Although no difference in food intake was found between groups analysed, the fertility group showed a positive correlation between Se intake and sperm motility (%). These results are in agreement with Foresta , Klein (2004), Moslemi & Tavanbakhsh (2011) that showed the relationship between Se ingestion and increased sperm motility.

Besides that, there was a positive correlation between ejaculate volume and GPx in a fertile group. This is in accordance with the study of Türk confirming the presence of GPx in the ejaculate mainly coming from the testes and epididymis, thus regulated by the ingestion of Se.

Thus, decreased GPx activity during Se deficiency and increased lipid peroxidation, indicate increased levels of free radicals which disrupts the normal spermatogenic process and might be responsible for reduced sperm motility and viability leading to reduced fertility and fewer litters. The GPx is responsible for over 75% of antioxidant activity in spermatozoa. In Se excess, increased lipid peroxidation could be attributed to the ability of selenite to form a highly reactive species, a selenopersulfide which generates free radical, superoxide as well as other Reactive Oxygen Species (Shalini & Bansal, 2007; Shalini & Bansal, 2008).

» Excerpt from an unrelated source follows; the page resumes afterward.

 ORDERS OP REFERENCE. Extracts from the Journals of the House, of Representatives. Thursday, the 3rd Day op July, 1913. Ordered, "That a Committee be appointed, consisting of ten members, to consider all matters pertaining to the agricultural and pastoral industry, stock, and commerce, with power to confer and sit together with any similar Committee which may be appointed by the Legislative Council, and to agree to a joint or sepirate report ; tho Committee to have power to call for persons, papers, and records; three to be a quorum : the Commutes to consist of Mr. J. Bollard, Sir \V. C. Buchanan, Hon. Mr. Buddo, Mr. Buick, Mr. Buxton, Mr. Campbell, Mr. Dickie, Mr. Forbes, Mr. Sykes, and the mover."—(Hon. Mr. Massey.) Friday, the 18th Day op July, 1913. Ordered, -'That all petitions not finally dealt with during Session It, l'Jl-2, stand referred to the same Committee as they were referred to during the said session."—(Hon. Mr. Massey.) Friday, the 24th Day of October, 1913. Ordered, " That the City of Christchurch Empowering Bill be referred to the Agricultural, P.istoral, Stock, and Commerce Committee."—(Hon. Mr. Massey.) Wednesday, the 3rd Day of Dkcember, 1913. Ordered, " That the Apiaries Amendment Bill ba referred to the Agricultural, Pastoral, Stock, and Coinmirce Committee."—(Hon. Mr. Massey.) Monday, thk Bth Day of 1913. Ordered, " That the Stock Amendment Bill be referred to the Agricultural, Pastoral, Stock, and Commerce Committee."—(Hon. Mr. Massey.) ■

Besides these aspects, it can be verified that the nutritional status indicated higher levels of BMI and WC in the infertile group. Obesity seems to have a deleterious effect on semen quality by changes in epididymal function, reducing the biomarkers of normal accessory gland function. In addition, the ejaculated volume (mL), sperm concentration (million / mL), and total sperm count (millions / ejaculate) are inversely correlated with BMI. Obese men were 19 times more likely to have a lower total sperm count (millions / ejaculate) than eutrophic (Bieniek ; Oliveira ; Wang ; Liu & Ding, 2017). The results are similar to studies designed by Borges Jr. and Schlichthorst that showed a relationship of obesity and infertility with men with mean age of 37 years. The increased WC is associated with obesity-related health risk that can reduce male fertility (Hayden ; Kasum ). Se may be a protective factor in male fertility, since the higher the Se intake, the smaller the waist circumference is in the infertile group, and higher the sperm motility index in the fertile group.

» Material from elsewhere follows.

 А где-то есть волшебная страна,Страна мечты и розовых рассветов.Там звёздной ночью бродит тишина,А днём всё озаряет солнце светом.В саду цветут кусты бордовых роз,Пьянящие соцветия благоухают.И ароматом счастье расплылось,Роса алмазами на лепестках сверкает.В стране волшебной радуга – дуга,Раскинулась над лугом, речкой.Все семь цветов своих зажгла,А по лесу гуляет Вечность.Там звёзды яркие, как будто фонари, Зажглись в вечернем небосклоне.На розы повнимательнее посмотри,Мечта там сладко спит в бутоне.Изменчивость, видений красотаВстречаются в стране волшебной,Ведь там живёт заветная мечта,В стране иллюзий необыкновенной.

Our study demonstrates the possible interferences of obesity, deficiency and excess selenium in male fertility. Thus the action of dietary selenium appears to be U-shaped with respect to reproductive capacity and its markers. Further studies are needed to clarify the mechanisms involved in this process. It also makes an important contribution by calling attention to the use of supplements with Se megadoses present in antioxidant treatments.

CONCLUSION

From the above findings, we can conclude that fertile and infertile men were suitable for Se concentrations. Serum values of Se, both excess and deficiency can be detrimental to male fertility. In the fertile group, Se consumption was positively correlated with sperm motility and, in the infertile group, negatively correlated with WC.